During the service that morning, I felt unusually happy and content in the Lord. I had come to the point of saying, "Lord, I am okay if I’m single the rest of my life even though I know you promised me a husband. I want to be your girl and focus on building your kingdom and not my own little kingdom here on this earth."
After the service, I was in a back pew talking to a friend. The auditorium was dark and basically empty, when I suddenly felt a presence at the end of our pew. I turned and there before me stood a handsome man staring at me with his big, beautiful blue eyes and a radiant smile.
You might be wondering if this was a total stranger, and my answer is yes and no. Yes, I knew who he was, but no, I did not know him. I had visited this church before a few years earlier and met him at a young adults’ Christmas party. I was attracted to him then, though he seemed too quiet and shy to ever pursue me.
Unbeknownst to me, however, Micah was attracted to me at that first meeting. So this Sunday, two years later, Micah figured he’d better make a move. Though he didn’t say much that morning, I knew he was smitten.
The Waiting Room
I left that day excited to see what God was going to do. However, Micah didn’t call me until almost one whole, agonizing month since he received my phone number. He invited me to Relevant—a young Christian professionals’ group—the following Tuesday night.
The night before the event, I awoke with the stomach flu. I felt so bad that I called and left a message that I had to cancel. Over the next week, I thought for sure Micah would call and say that he was sorry I was sick or see how I was doing. My lofty expectations, however, were not fulfilled.
It was not until an entire month later that Micah finally called and invited me to yet another Relevant meeting. Praise the Lord, I did not get sick, though the date did not go as well as I hoped. I did not totally write him off, though I could have, considering it was more than a month until he called me again.
When Micah did call, he invited me to another Relevant meeting. Since I am a very upfront and honest person, I told him all about myself that night and figured he could take me or leave me. I didn’t know what he thought, but he encouraged me at the end by indicating he wanted me to go to a concert with him in the summer.
I heard nothing from him over the next few days, and I couldn’t help feeling sad and wondering if anything would ever come of it. Finally, he asked me out on our first one-on-one date. The night went quite well and Micah started asking me out more regularly (more than once a month at least), although I still had silent periods of waiting for him to call.
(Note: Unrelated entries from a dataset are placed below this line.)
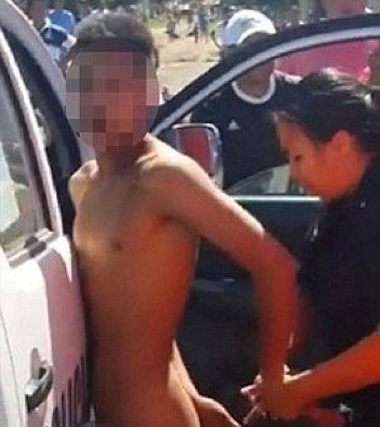 Já no camburão, uma policial tirou as cordas de seus braços, o algemou ainda nu, enquanto as pessoas se reuniam em volta dele, insultando-o. Um morador do bairro até mesmo o ameaçou de morte: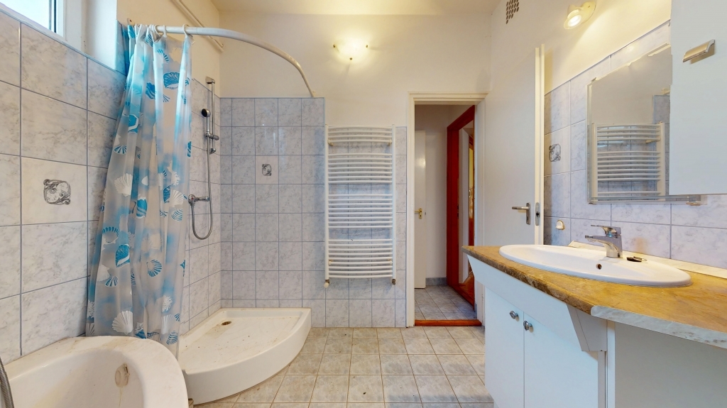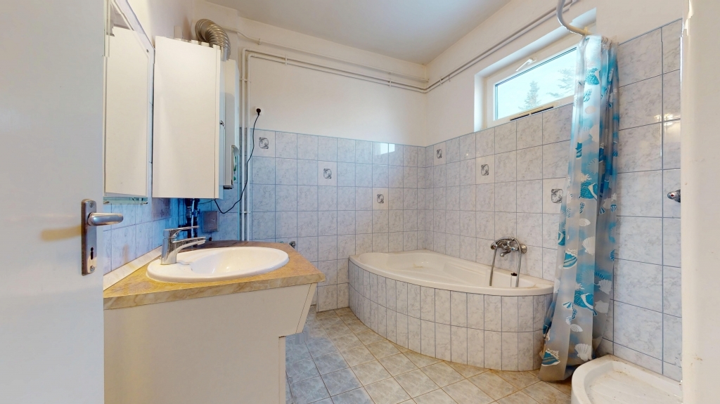 -Fürdőszoba sarokkáddal és zuhanyzóval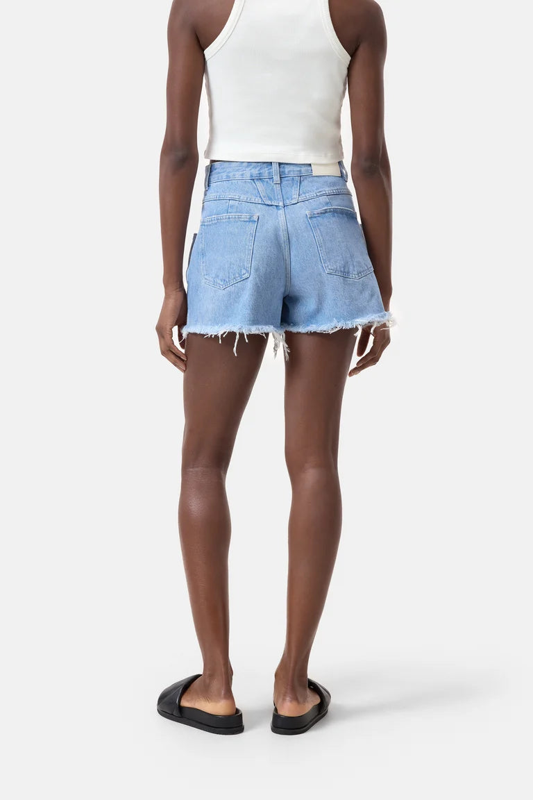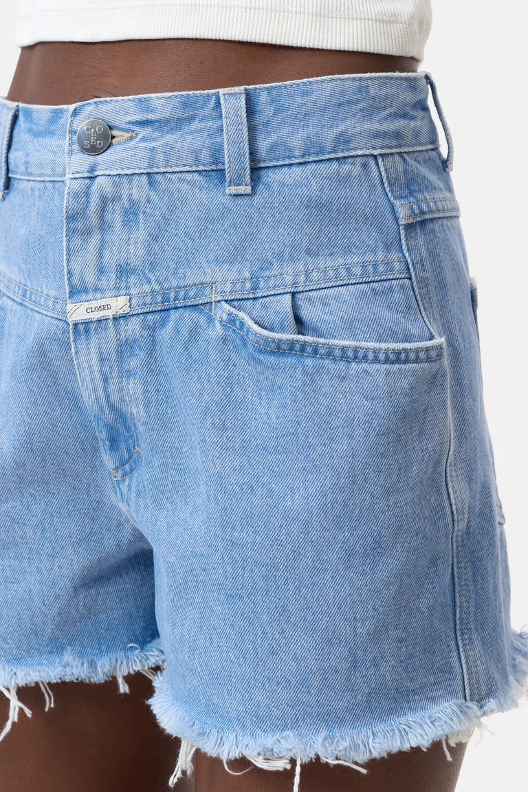 Our loose-fit shorts feature a high waist, X-pockets, and wide legs with a raw hem. Crafted from strong and authentic rigid denim (13.5 oz.) with a special light blue wash. The denim used is pure cotton. Made in Italy.

As time went on, God continued to unite us and graciously and abundantly confirm His pleasure in our relationship. On a Sunday about two years after meeting Micah, I walked down the aisle to marry the man who had become my best friend. With only family and close friends in attendance, the Reverend Charles Stanley—a dear friend who diligently prayed for God to send me a husband—performed the ceremony.
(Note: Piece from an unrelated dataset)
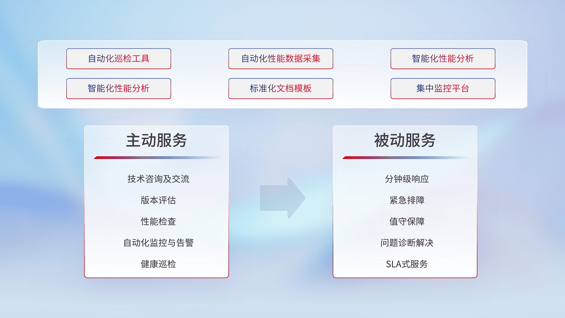 智能化工具和标准化文档,,,保障服务质量,,提供主动服务(包含技术咨询、、、、版本评估、、、性能检查、、、、自动化监控与告警、、、健康巡检)和被动服务包含(分钟级响应、、、紧急排障、、值守保障、、问题诊断解决、、SLA服务)。。。

In the end, God gave me the desire of my heart, though it was much different than I had ever dreamed.
If it were not for the Lord’s guidance, I would not be married today, and so to Him goes all the glory for the truly wonderful, Christ-like husband He has given me. I was thirty-four when we got married, and I can sincerely say that Micah was totally worth the wait and for me to die to my expectations. So always wait upon the Lord and don’t settle for less than His best because He is GOOD all the time!
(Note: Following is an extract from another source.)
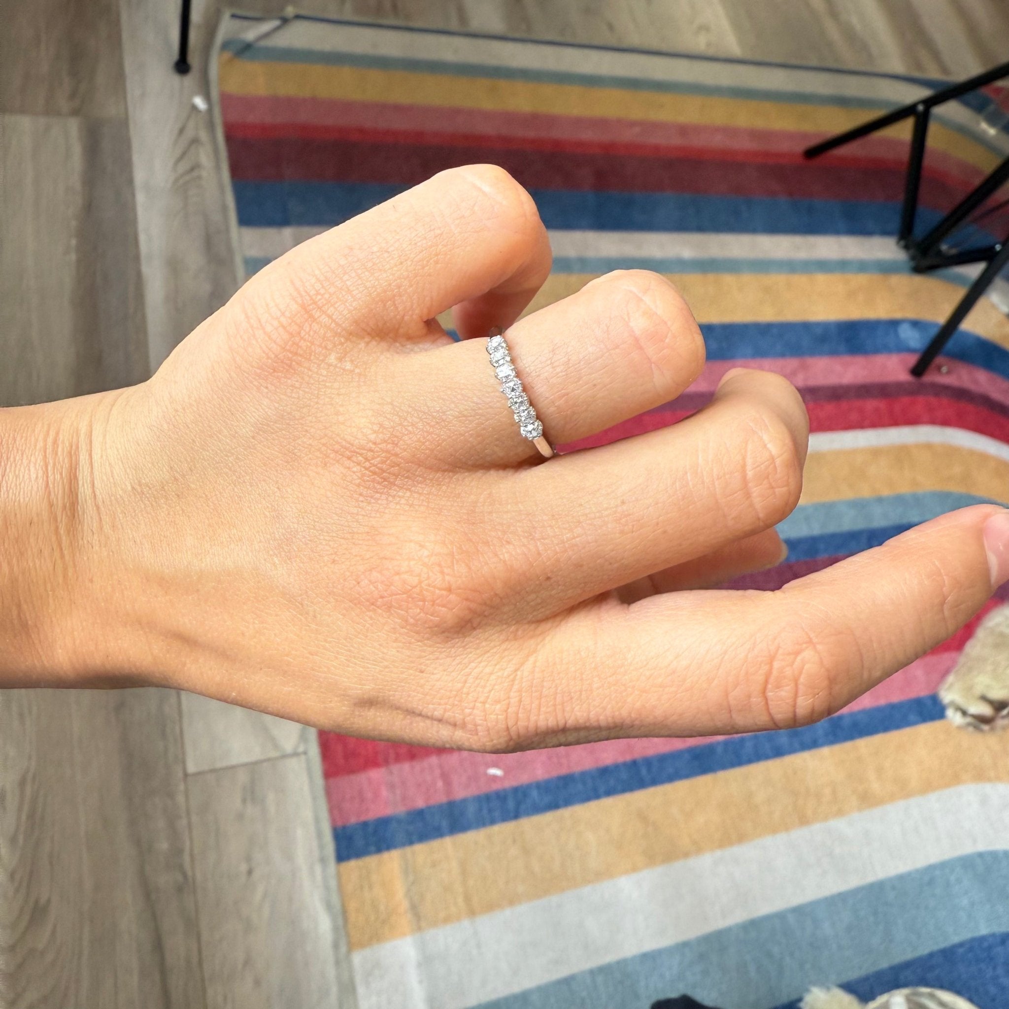 Modeled after antique diamond bands from the Georgian and Victorian eras, this band is set with 7 chunky and charming old mine cut diamonds in platinum! The diamonds are bright and sparkly and just looks so beautiful and elegant on the finger. This is the perfect size for those wanting something smaller and more delicate in scale.

Does thirty-two years seem impossible to wait for a boyfriend or for something else that you desire? It will be if you are not desiring, trusting, and surrendering to God’s perfect plan for your life. I know what it is to be discouraged, angry, and unbelieving in God’s goodness and care because of an unfulfilled dream, but know that "He who did not spare his own Son, but gave him up for us all—how will he not also, along with him, graciously give us all things?" (Rom. 8:32).
Are you trusting God to give you what you need instead of what you want? What unfulfilled dreams are you trusting God for right now?
Many are the sorrows of the wicked, but steadfast love surrounds the one who trusts in the LORD (Ps. 32:10).